§ Task:
Please output, without any change, the lines of the material below from the very first through the one with "и Тульской областей.".

##### Given entries #####

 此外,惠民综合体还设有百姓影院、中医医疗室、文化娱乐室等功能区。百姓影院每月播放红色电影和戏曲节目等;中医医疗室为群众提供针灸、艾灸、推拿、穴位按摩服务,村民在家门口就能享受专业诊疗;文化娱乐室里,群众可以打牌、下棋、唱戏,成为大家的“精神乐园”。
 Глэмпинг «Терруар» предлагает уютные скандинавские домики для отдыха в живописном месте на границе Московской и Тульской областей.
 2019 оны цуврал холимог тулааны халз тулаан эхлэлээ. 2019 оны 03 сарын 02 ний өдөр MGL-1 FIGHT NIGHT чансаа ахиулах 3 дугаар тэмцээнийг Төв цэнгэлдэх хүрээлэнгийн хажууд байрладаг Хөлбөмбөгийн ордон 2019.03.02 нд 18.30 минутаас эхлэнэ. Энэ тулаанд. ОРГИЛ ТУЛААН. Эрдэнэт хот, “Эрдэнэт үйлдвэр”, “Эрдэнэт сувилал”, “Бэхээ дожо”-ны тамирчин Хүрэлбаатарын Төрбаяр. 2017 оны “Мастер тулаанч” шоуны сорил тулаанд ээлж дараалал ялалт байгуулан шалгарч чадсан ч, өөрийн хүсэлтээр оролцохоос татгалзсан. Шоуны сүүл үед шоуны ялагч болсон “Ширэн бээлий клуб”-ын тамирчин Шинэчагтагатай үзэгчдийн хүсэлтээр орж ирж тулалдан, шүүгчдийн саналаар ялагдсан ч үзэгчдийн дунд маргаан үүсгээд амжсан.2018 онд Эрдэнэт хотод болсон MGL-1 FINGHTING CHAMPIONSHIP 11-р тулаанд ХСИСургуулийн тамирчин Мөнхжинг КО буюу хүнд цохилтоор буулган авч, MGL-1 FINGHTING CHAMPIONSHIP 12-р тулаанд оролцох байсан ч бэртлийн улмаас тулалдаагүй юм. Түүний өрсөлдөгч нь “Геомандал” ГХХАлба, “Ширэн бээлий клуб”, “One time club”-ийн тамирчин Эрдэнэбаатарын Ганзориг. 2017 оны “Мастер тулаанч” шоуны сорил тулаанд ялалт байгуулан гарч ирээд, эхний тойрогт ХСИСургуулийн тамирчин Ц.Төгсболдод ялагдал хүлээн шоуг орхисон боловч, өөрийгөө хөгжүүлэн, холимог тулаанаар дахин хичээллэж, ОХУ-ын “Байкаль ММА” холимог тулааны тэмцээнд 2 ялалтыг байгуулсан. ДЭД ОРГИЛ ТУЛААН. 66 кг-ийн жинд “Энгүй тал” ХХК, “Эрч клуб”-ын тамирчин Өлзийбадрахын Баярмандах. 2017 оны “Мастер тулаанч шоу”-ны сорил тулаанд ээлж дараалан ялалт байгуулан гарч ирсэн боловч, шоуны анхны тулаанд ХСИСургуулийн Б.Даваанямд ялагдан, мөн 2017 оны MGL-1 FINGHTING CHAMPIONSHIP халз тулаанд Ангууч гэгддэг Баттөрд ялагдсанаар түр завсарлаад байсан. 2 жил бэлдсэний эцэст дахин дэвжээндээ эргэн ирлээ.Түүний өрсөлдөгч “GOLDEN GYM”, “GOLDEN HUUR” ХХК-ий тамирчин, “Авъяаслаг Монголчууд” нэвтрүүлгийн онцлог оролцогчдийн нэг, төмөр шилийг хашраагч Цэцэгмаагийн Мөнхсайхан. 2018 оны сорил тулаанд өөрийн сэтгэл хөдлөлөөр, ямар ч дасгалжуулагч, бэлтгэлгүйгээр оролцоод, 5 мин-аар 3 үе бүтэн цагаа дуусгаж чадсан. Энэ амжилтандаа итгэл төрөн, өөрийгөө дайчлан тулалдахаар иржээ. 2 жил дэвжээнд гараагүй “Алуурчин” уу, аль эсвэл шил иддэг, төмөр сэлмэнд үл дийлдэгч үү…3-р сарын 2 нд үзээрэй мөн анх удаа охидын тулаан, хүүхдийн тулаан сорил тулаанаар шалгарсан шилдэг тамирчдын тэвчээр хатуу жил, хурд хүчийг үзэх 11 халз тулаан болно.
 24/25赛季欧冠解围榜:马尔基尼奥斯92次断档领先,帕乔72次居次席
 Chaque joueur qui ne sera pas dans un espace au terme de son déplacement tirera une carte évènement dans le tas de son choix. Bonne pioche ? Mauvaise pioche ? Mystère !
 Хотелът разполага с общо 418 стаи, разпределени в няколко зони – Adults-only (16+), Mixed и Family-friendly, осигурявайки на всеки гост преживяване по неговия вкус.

#####

§ Expected answer:
 此外,惠民综合体还设有百姓影院、中医医疗室、文化娱乐室等功能区。百姓影院每月播放红色电影和戏曲节目等;中医医疗室为群众提供针灸、艾灸、推拿、穴位按摩服务,村民在家门口就能享受专业诊疗;文化娱乐室里,群众可以打牌、下棋、唱戏,成为大家的“精神乐园”。
 Глэмпинг «Терруар» предлагает уютные скандинавские домики для отдыха в живописном месте на границе Московской и Тульской областей.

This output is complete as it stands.